## Work order
Return the whole listing exactly, omitting the pictures.

## Provided material
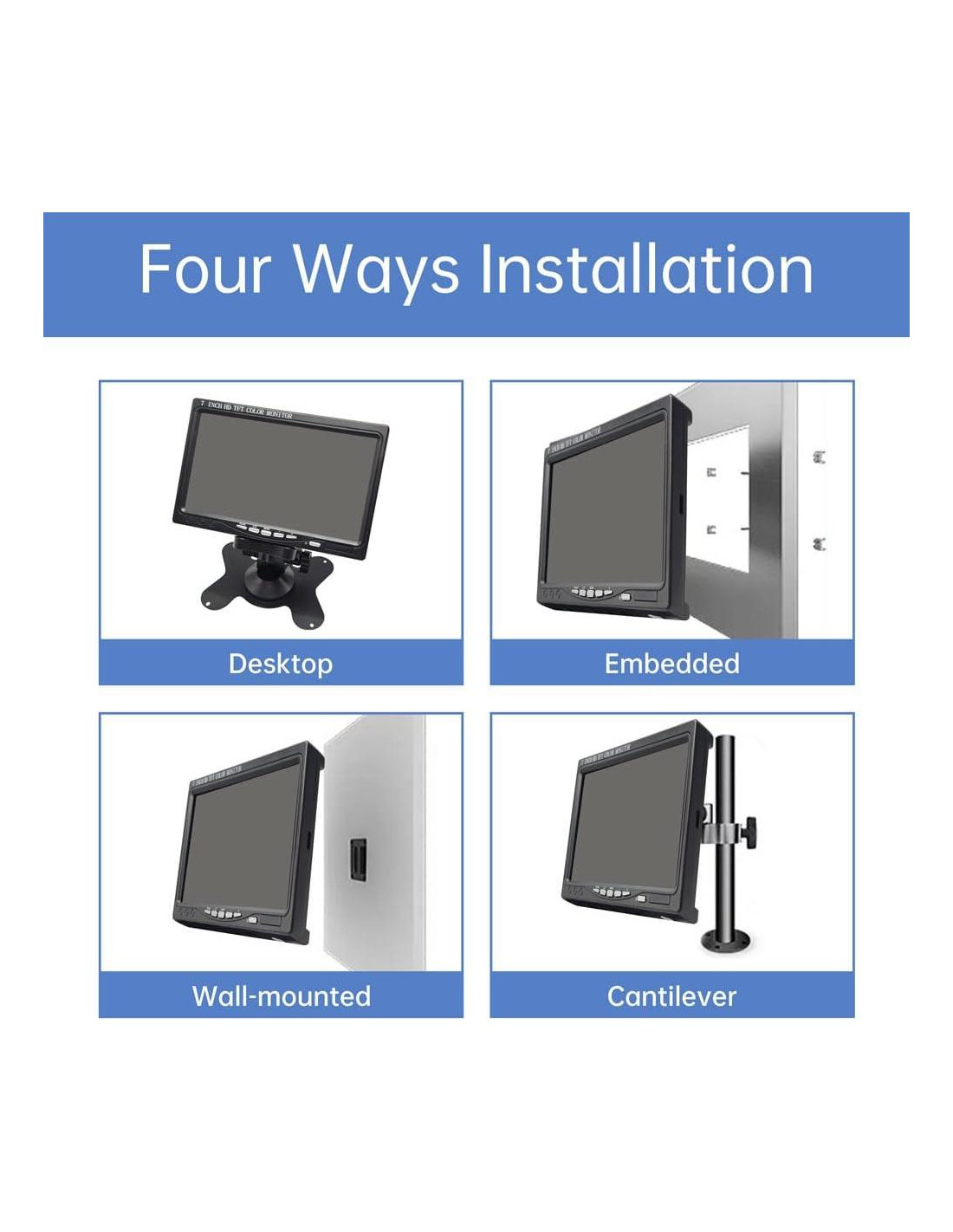 - Fácil operación e instalación: Fácil de operar, la máquina tiene botones multifuncionales, y viene con un control remoto y soporte. Además, la pantalla se puede quitar del soporte del monitor para ciertas aplicaciones. Usado para escritorios en casa, equipos industriales, aplicaciones de monitor de seguridad y sistema de cámara de respaldo de vehículo móvil de coche/camión, se puede instalar en un escritorio o colgar.
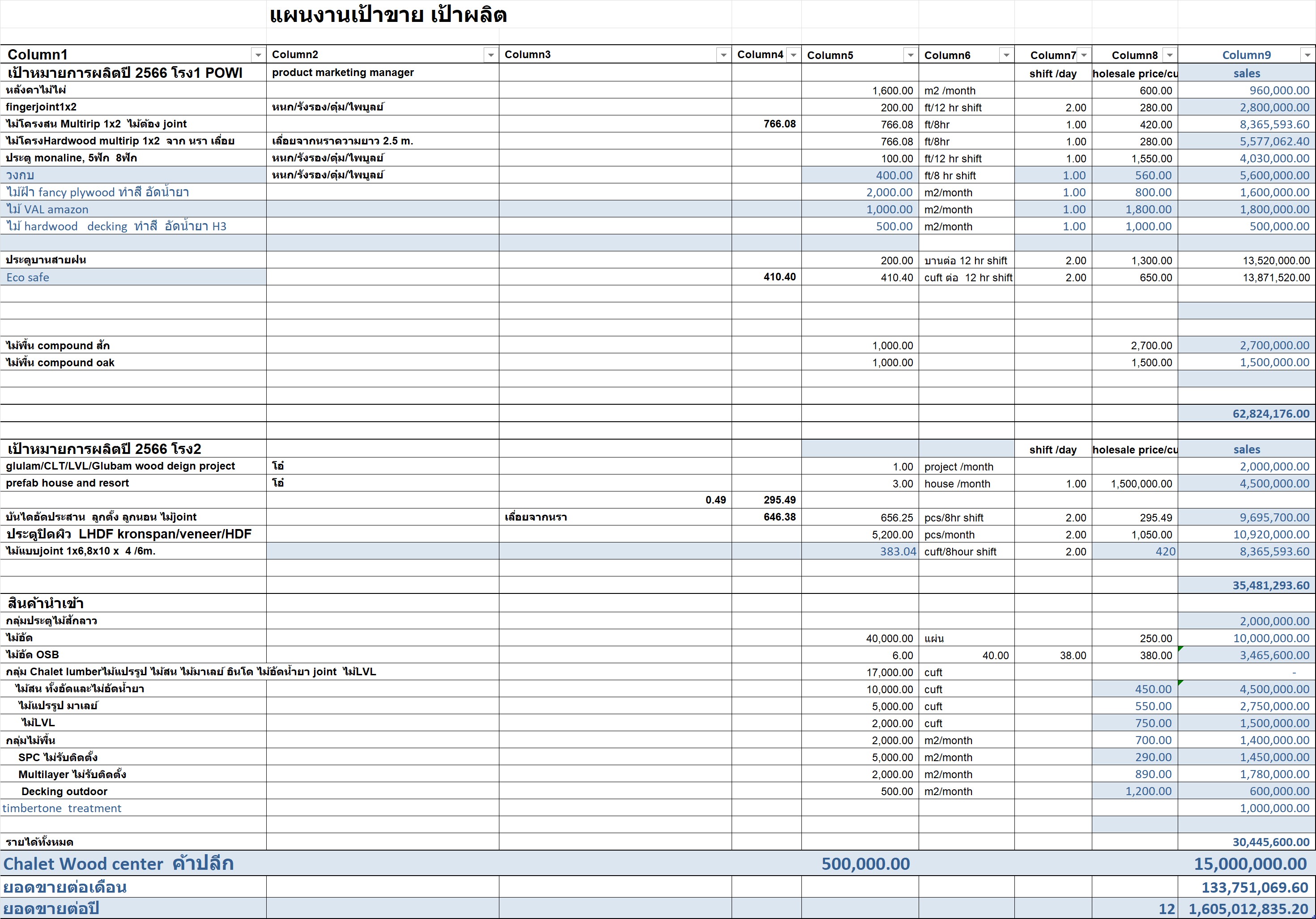 แผนการผลิต ทางคุณ ช้าง แจ้ง ในที่ประชุม เรื่อง แผนงานเป้าหมาย การผลิต เป้าหมาย การขาย
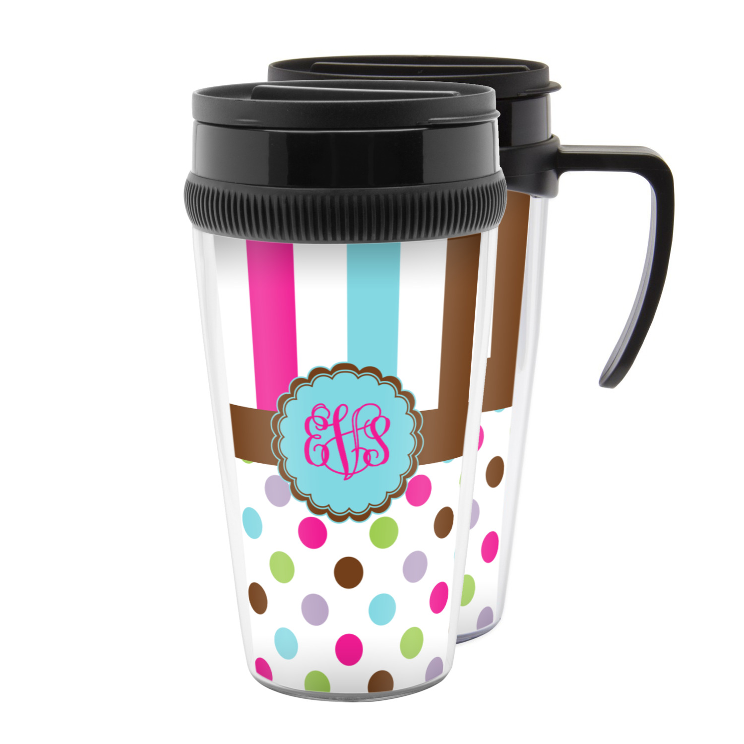 Keep your drink secure while on your daily commute with one of our personalized travel mugs! These travel mugs will add a splash of color and creativity to your kitchen counter-top, car cup holder, office desk, or wherever you choose to place them! With these custom mugs, you'll never have to settle for a boring, run-of-the-mill travel mug.

## Reply to the exercise
 - Fácil operación e instalación: Fácil de operar, la máquina tiene botones multifuncionales, y viene con un control remoto y soporte. Además, la pantalla se puede quitar del soporte del monitor para ciertas aplicaciones. Usado para escritorios en casa, equipos industriales, aplicaciones de monitor de seguridad y sistema de cámara de respaldo de vehículo móvil de coche/camión, se puede instalar en un escritorio o colgar.
 แผนการผลิต ทางคุณ ช้าง แจ้ง ในที่ประชุม เรื่อง แผนงานเป้าหมาย การผลิต เป้าหมาย การขาย
 Keep your drink secure while on your daily commute with one of our personalized travel mugs! These travel mugs will add a splash of color and creativity to your kitchen counter-top, car cup holder, office desk, or wherever you choose to place them! With these custom mugs, you'll never have to settle for a boring, run-of-the-mill travel mug.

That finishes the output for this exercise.